The tandem photovoltaic cell has such structure that the
photovoltaic cell units are connected in series and thereby can
increase open circuit voltage and improve the light conversion
efficiency.
[0011] FIG. 2 is a cross-sectional view showing the structure of a
tandem photovoltaic cell 210 of the related art.
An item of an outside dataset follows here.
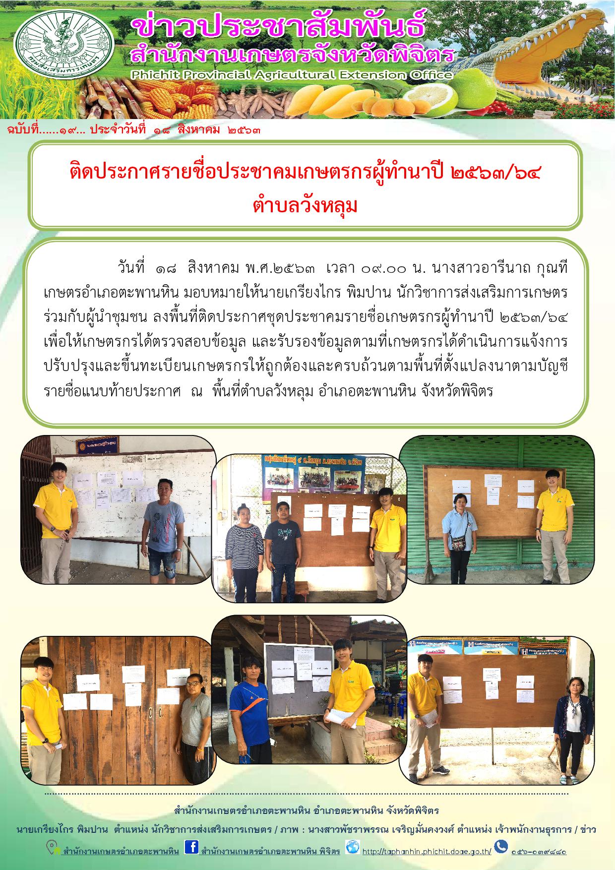 วันที่ 18 สิงหาคม พ.ศ.2563 เวลา 09.00 น. นางสาวอารีนาถ กุณที เกษตรอำเภอตะพานหิน มอบหมายให้นายเกรียงไกร พิมปาน นักวิชาการส่งเสริมการเกษตร ร่วมกับผู้นำชุมชน ลงพื้นที่ติดประกาศชุดประชาคมรายชื่อเกษตรกรผู้ทำนาปี 2563/64 เพื่อให้เกษตรกรได้ตรวจสอบข้อมูล และรับรองข้อมูลตามที่เกษตรกรได้ดำเนินการแจ้งการปรับปรุงและขึ้นทะเบียนเกษตรกรให้ถูกต้องและครบถ้วนตามพื้นที่ตั้งแปลงนาตามบัญชีรายชื่อแนบท้ายประกาศ ณ พื้นที่ตำบลวังหลุม อำเภอตะพานหิน จังหวัดพิจิตร

[0012] As shown in FIG. 2, the tandem photovoltaic cell 210 of the
related art generally includes a transparent substrate 211, a
transparent conductive film 212, a first p-n junction layer 213, a
tunneling p-n junction layer 214, a second p-n junction layer 215,
and a back reflector 216.
[0013] In the tandem photovoltaic cell 210 of the related art, the
first p-n junction layer 213, having a predetermined band gap
(e.g., E.sub.g=1.6 eV), is disposed above the second p-n junction
layer 215, which has a smaller band gap (e.g., E.sub.g=1.1 eV),
such that a photon having an energy of 1.1 eV<h.nu.<1.6 eV is
allowed to pass through the first p-n junction layer 213 but is
absorbed by the second p-n junction layer 215. It is possible to
realize higher light conversion efficiency by increasing the number
of p-n junction layers that are stacked in the tandem photovoltaic
cell.
[0014] The transparent conductive film used in the photovoltaic
cell is required to exhibit excellent light transmittance,
electrical conductivity, and light trapping efficiency. In
particular, in the case of the tandem thin film photovoltaic cell,
the transparent conductive film is required to show high light
transmittance and a high haze value over a wide wavelength band
ranging from 400 nm to 1100 nm. In addition, while the transparent
conductive film is deposited, it is also required to withstand
hydrogen plasma.
[0015] The popular transparent conductive film for photovoltaic
cell applications contains tin oxide (SnO.sub.2) as a main
ingredient. However, this type of transparent conductive film
suffers from deterioration due to hydrogen plasma and is thereby
blackened when it is deposited through Plasma Enhanced Chemical
Vapor Deposition (PECVD), which results in the decrease in the
transmittance thereof. In addition, Indium Tin Oxide (ITO), which
is generally used for existing transparent conductive films, has
problems related to the continuously rising price of the main
ingredient, indium (In), which is a rare element, the high
reducibility of indium during the hydrogen plasma process and
resultant chemical instability, and the like.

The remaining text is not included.